Department of Robotics and Automation, Symbiosis Institute of Technology (SIT), Symbiosis International (Deemed University) (SIU), Lavale, Pune, 412115, Maharashtra, India.
Neural Netw. 2024 Dec;180:106738. doi: 10.1016/j.neunet.2024.106738. Epub 2024 Sep 16.
The world today has made prescriptive analytics that uses data-driven insights to guide future actions. The distribution of data, however, differs depending on the scenario, making it difficult to interpret and comprehend the data efficiently. Different neural network models are used to solve this, taking inspiration from the complex network architecture in the human brain.
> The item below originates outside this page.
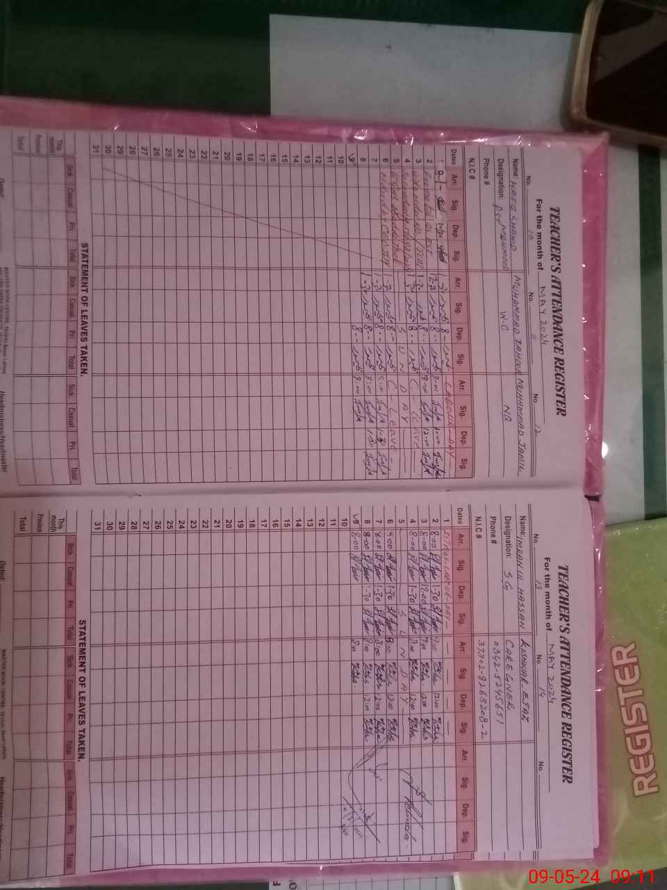 | CNIC | Full Name | Designation | R/C | Absence During Last Calender Month |

The activation function is crucial in introducing non-linearity to process data gradients effectively. Although popular activation functions such as ReLU, Sigmoid, Swish, and Tanh have advantages and disadvantages, they may struggle to adapt to diverse data characteristics. A generalized activation function named the Generalized Exponential Parametric Activation Function (GEPAF) is proposed to address this issue. This function consists of three parameters expressed: α, which stands for a differencing factor similar to the mean; σ, which stands for a variance to control distribution spread; and p, which is a power factor that improves flexibility; all these parameters are present in the exponent. When p=2, the activation function resembles a Gaussian function. Initially, this paper describes the mathematical derivation and validation of the properties of this function mathematically and graphically. After this, the GEPAF function is practically implemented in real-world supply chain datasets. One dataset features a small sample size but exhibits high variance, while the other shows significant variance with a moderate amount of data. An LSTM network processes the dataset for sales and profit prediction. The suggested function performs better than popular activation functions when a comparative analysis of the activation function is performed, showing at least 30% improvement in regression evaluation metrics and better loss decay characteristics.
当今世界已经实现了预测分析,它利用数据驱动的洞察力来指导未来的行动。然而,数据的分布因场景而异,这使得数据难以有效解释和理解。不同的神经网络模型被用来解决这个问题,从人类大脑的复杂网络结构中汲取灵感。激活函数在引入非线性以有效处理数据梯度方面至关重要。虽然流行的激活函数,如 ReLU、Sigmoid、Swish 和 Tanh 具有优缺点,但它们可能难以适应多样化的数据特征。提出了一种名为广义指数参数激活函数 (GEPAF) 的广义激活函数来解决这个问题。这个函数由三个参数组成:α,代表类似于均值的差分因子;σ,代表控制分布扩散的方差;p,是一个提高灵活性的幂因子;所有这些参数都在指数中。当 p=2 时,激活函数类似于高斯函数。本文首先从数学上和图形上描述了这个函数的数学推导和性质验证。之后,在实际的供应链数据集上实现了 GEPAF 函数。一个数据集样本量小,但方差大,另一个数据集数据量适中,但方差大。LSTM 网络处理数据集以进行销售和利润预测。在对激活函数进行比较分析时,建议的函数表现优于流行的激活函数,回归评估指标至少提高了 30%,并且具有更好的损失衰减特性。